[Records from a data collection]
..........

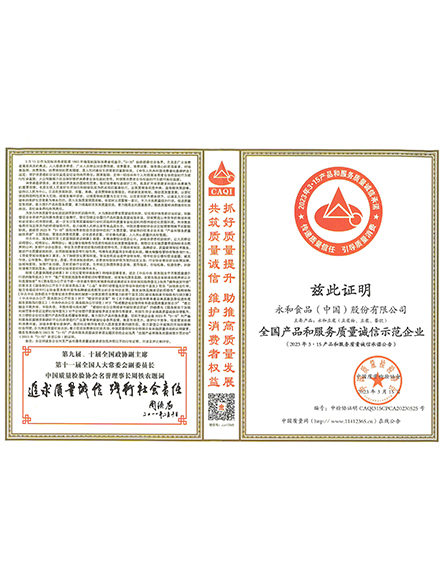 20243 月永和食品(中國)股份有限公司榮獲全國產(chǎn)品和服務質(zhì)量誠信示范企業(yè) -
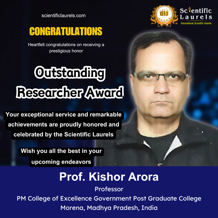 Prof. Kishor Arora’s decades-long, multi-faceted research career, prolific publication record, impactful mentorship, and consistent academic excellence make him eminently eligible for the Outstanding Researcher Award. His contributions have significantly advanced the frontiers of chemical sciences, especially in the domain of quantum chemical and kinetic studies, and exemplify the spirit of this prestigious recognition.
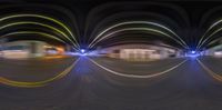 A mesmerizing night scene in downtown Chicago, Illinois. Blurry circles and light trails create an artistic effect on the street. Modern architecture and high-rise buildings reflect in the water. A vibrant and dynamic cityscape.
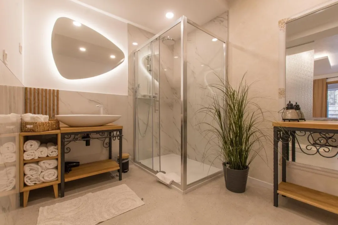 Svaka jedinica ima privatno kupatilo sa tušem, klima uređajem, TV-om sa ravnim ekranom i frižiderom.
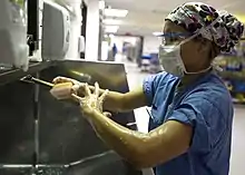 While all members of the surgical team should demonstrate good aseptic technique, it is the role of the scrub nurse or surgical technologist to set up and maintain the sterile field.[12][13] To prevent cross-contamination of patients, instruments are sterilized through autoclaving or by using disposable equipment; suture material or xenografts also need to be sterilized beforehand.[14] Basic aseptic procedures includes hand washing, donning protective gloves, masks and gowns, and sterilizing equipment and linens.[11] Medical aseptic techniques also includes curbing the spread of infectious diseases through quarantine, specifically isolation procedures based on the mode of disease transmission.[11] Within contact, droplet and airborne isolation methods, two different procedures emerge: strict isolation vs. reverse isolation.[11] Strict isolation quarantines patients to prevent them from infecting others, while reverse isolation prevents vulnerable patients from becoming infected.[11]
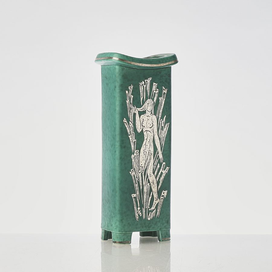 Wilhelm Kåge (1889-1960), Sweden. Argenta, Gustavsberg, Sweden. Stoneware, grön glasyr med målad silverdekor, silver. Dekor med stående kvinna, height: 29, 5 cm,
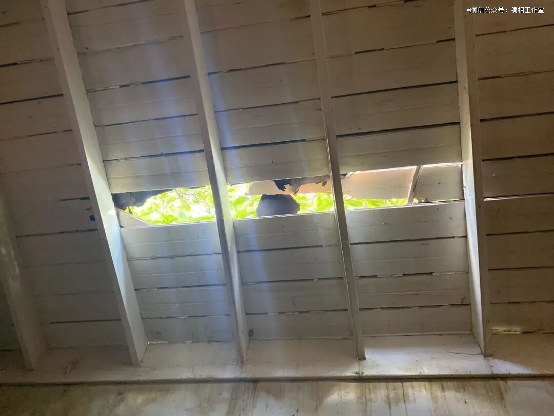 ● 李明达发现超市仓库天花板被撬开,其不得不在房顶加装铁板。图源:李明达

..........

## [Work task]
What you write out is the stretch of entries from the line containing "Prof. Kishor Arora’s" to the line containing "Svaka jedinica ima", word for word, with both end lines and no pictures.

## [Task answer]
 Prof. Kishor Arora’s decades-long, multi-faceted research career, prolific publication record, impactful mentorship, and consistent academic excellence make him eminently eligible for the Outstanding Researcher Award. His contributions have significantly advanced the frontiers of chemical sciences, especially in the domain of quantum chemical and kinetic studies, and exemplify the spirit of this prestigious recognition.
 A mesmerizing night scene in downtown Chicago, Illinois. Blurry circles and light trails create an artistic effect on the street. Modern architecture and high-rise buildings reflect in the water. A vibrant and dynamic cityscape.
 Svaka jedinica ima privatno kupatilo sa tušem, klima uređajem, TV-om sa ravnim ekranom i frižiderom.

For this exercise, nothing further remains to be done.